Confession time: I'll admit I maybe judged Guilt too harshly during its pilot episode. I'm a huge fan of cheesy TV (I'm literally visiting Chicago for the sole purpose of attending Saved by the Max because I am such a massive Saved by the Bell fan, after all) and was initially a bit put off that Guilt seemed to be taking itself too seriously when it's pretty much nothing more than a Lifetime movie spread into a season's worth of episodes. But the second episode of the series solidified that Guilt is definitely aware of its soapiness... and self-aware is always a good thing in my eyes.

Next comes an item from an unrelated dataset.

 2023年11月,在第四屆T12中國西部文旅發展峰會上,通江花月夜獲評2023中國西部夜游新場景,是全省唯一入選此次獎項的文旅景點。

This episode finds Grace and the investigators examining video evidence of her and Molly in what appears to be a physical scuffle over someone that Molly was texting, who is alluded to be Grace's creepy stepfather, James. Social media and its importance in this case becomes paramount here, proving that in 2016, a hashtag can be much more damning to a person than it's comfortable to admit.

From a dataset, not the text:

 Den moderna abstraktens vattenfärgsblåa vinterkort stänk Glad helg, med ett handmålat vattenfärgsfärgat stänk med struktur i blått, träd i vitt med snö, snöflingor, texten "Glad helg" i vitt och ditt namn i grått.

There's also the debate over whether or not Grace should be attending Molly's memorial services. Her lawyer, the greasy, grimy Stan, thinks she shouldn't due to the fact that she's a prime suspect, but Grace's sister feels she should, as she'll only look guiltier if she doesn't.

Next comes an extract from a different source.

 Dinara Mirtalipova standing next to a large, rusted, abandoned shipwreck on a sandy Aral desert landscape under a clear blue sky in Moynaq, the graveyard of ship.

Grace not only attends but also gives a eulogy, and social media comes into play yet again when a shady newspaper reporter catches Grace laughing hysterically with her sorta boyfriend, Luc, the brooding French guy.
The show continues on its quest to be the whodunit murder mystery of the season, and I'm all for it. The pace in this episode was much slower, but not in a bad way, and it's become crystal clear that literally everyone is a suspect in Molly's murder. There are the obvious culprits — creepy James, who is reluctant to admit his affair with the pretty young co-ed, and Professor Lindley, who protests a bit too much when asked about his relationship with Molly. It may seem far-fetched, but that's the beauty of a murder mystery, isn't it?
The cast is great at not taking itself too seriously, and Billy Zane is flawless. He delivered the best line in TV that I've heard in a while, deadpanning to a college student with a particularly trendy hairdo: "Grace said you'd be the skank with the bad ombré." Pretty rich coming from a totally bald guy, I'd say.